Brad Plumer’s recent analysis in the Washington Post’s Wonkblog is spot on. Taking a look at Richard Yeselson’s recent article on “fortress unionism” in Democracy, Plumer recognizes that labor organizing alone is not enough to reverse a half-century’s history of declining union membership.
Yeselson’s article is well worth a read. It begins with a legislative story and ends with a conclusion on organizing. Along the way, it provides a glimpse of labor’s immense postwar power, the fights over Taft-Hartley, and the failure of comprehensive campaigns to keep labor from hemorrhaging.
Where Yeselson could have gone further is in suggesting a remedy. Though he recognizes the ways in which Taft-Hartley “halted the forward march of labor in America,” his prescriptions focus solely on organizing strategies. However, if law and government policies had the effect of “cordon[ing] off an aggressive, confident labor movement and enable[ing] its subsequent decimation,” surely law and government policies can help in unbinding labor.

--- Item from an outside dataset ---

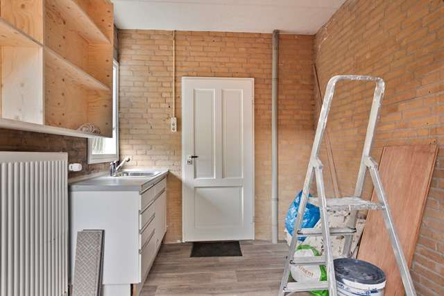 De dichte keuken is voorzien van inbouwapparatuur: inductiekookplaat, afzuigkap, koelkast met vriesvak en oven.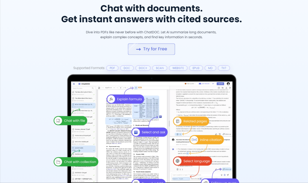 ChatDOC 是一款基于 ChatGPT 的 PDF 和文件阅读助手,它能分析文档并为你提供其中的信息。要使用 ChatDOC,你只需创建一个账户,并上传任意 PDF 或文档。

Citing Kris Warner’s research on Canadian labor law, Plumer makes the case that “government policies can at least slow that inevitable erosion of union density — even if they can’t stop it entirely.”
Yeselson’s prescription of hunkering down and defending what labor already has will be difficult to accomplish without a coordinated legislative reform strategy. Large swaths of public employees, which are currently one of labor’s strongholds, can lose their collective bargaining rights with a rushed vote and a stroke of a pen. Michigan, which was a literal and symbolic powerhouse for labor, recently became a “right to work” state. Though the law may not manifest actual declines for some time, it will surely make defending the fortress far more difficult.
Whether the hope is to hold steady or to grow, labor law reform must be part of labor’s strategy. Without it, labor will find itself in a continuous position of reacting to harmful changes in the law. We have to rid ourselves of the idea that labor law reform necessarily means EFCA or card check. The key is to push legal reforms that fit well with organizing efforts, and help amplify labor’s message. Yeselson highlights the ways that the Wagner Act and Taft-Hartley Act helped define unions:
The NLRA had been passed with the explicit goal of increasing unionization and with the understanding that unions were the democratic institutions of working-class self-organization. Taft-Hartley conceived of unions much differently, as merely a large special interest, dangerous to prosperity and stability if left unchecked.
Currently, the only labor law reforms that similarly offer a definition of unions are the anti-labor public sector initiatives being pursued in Republican-led states. Pushing strong pro-worker legislative reforms will help labor win back the meaning of “unions.” Richard Kahlenberg and I have proposed amending the Civil Rights Act to protect labor organizing, for the reasons contained here. Hopefully, Yeselson’s fascinating article not only leads to a robust conversation of organizing going forward, but also legislative strategies.